これは、仮想通貨バブルと言われた2018年1月以来最大の調整幅に相当する。半減期後相場における大手マイニング業者による強気の採掘姿勢を示す一方、マイナーの収益基準となる「損益分岐点」の上昇で、中小事業者の採算割れケースも想定されるが、ハッシュレートの大幅低下が起こらなければ、すでに半減期後のフェーズを見越した最適化を終えているものとみられ、強気要素にもなり得る。

「ハッシュレート維持の背景」など、詳細については、以下の関連記事で解説している。

関連:ビットコイン、明日にも今年最大の「難易度難化予想」 中国ではファーム火災報告も

機関投資家のBTC需要

データサイトskewによれば、シカゴマーカンタイル取引所(CME)のビットコイン先物オプション市場が飛躍的な成長を見せており、2020年6月20日には2,392 BTC(約24億円)に達していたことがわかった。

2020年1月13日にローンチした同サービスだが、建玉総額は、ビットコイン半減期の5月11日の3500万ドルから6月10日の3億7000万ドルまで10倍以上の水準まで増加。

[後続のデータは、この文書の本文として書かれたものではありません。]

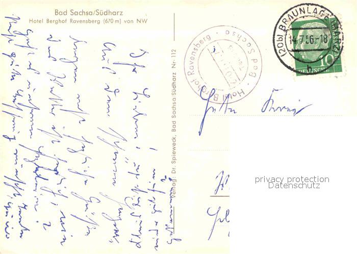 72912580 alte Postkarte Bad Sachsa Harz Hotel Berghof Ravensberg postalisch gelaufen Erhaltung siehe scans [WerneD78] KatCode: 11110003156003
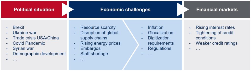 Political events and crises such as the war in Ukraine, the Covid pandemic or the Brexit continuously cause financial challenges for companies, such as cost and interest rate increases, which lead to uncertainties in corporate planning. This “perfect storm” to which companies and investors alike have been exposed for years, leads to changes in the financial markets.
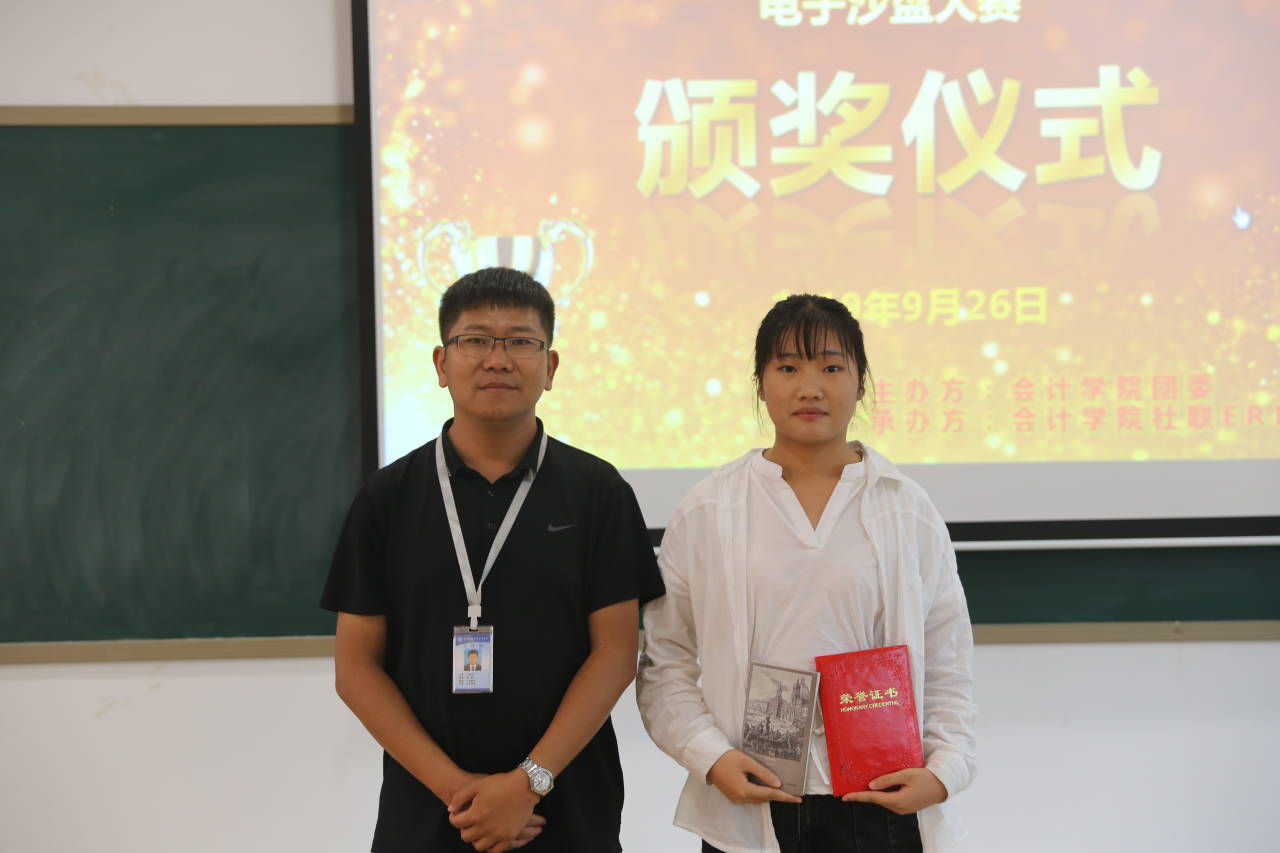 365VIP英国上市官网ERP沙盘协会指导老师张瑞亚老师为三等奖得主颁奖
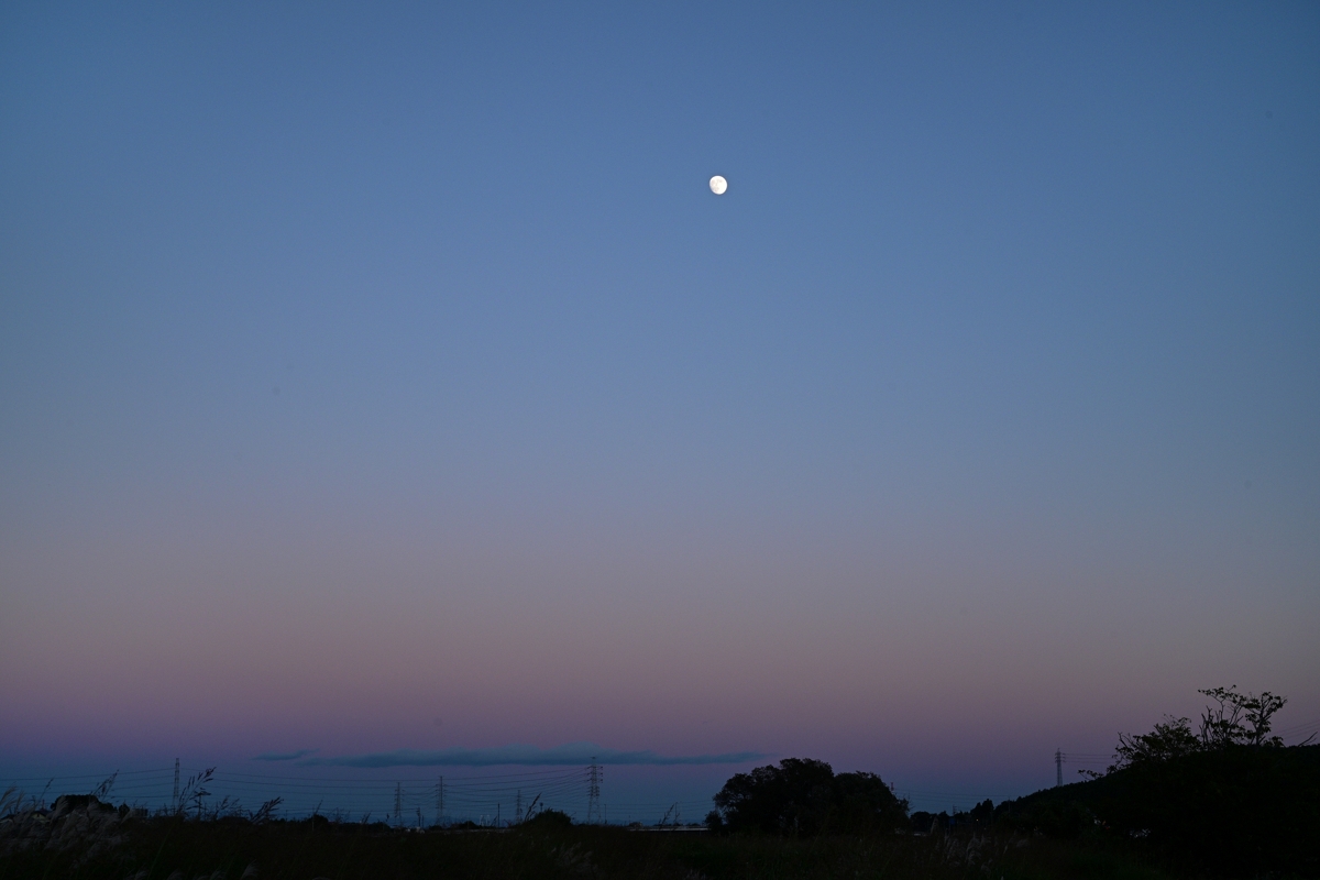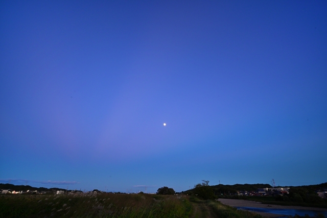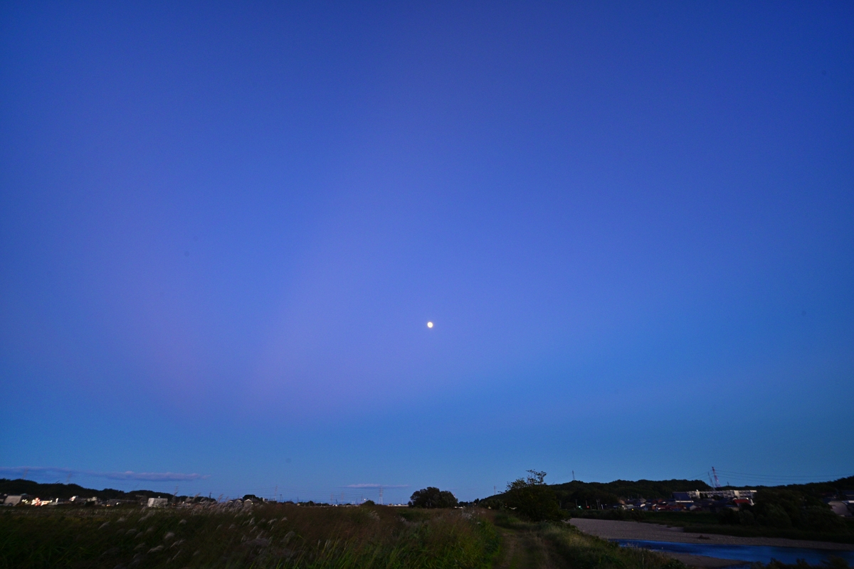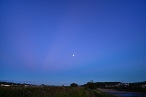 高気圧が覆ってきて快晴。鈴鹿山脈に積雲がかかる程度の雲。 日没後、東の空は、反薄明光線の中に月齢12.8の月が昇り、地球影の グラデーションが美しい空。 一方、西の空はこれにつながる薄明光線。 反薄明光線の方が少し先に顕著になり、遅れて薄明光線が目立ってきます。 |

2ヶ月前の25倍に達する水準となっている。

分散型金融プラットフォームではなく従来の市場であることから、ヘッジファンド及び機関投資家にとって魅力的だとされており、CMEのTim McCourtは、「新型コロナの影響で世界経済の”不確実性”が懸念されていることで、リスク管理の一環として出来高に反映されている」と指摘した。

ビットコインのオプション市場は、2016年にローンチした「Deribit」が、未決済建玉(OI)や取引量で大きなシェアを占めている。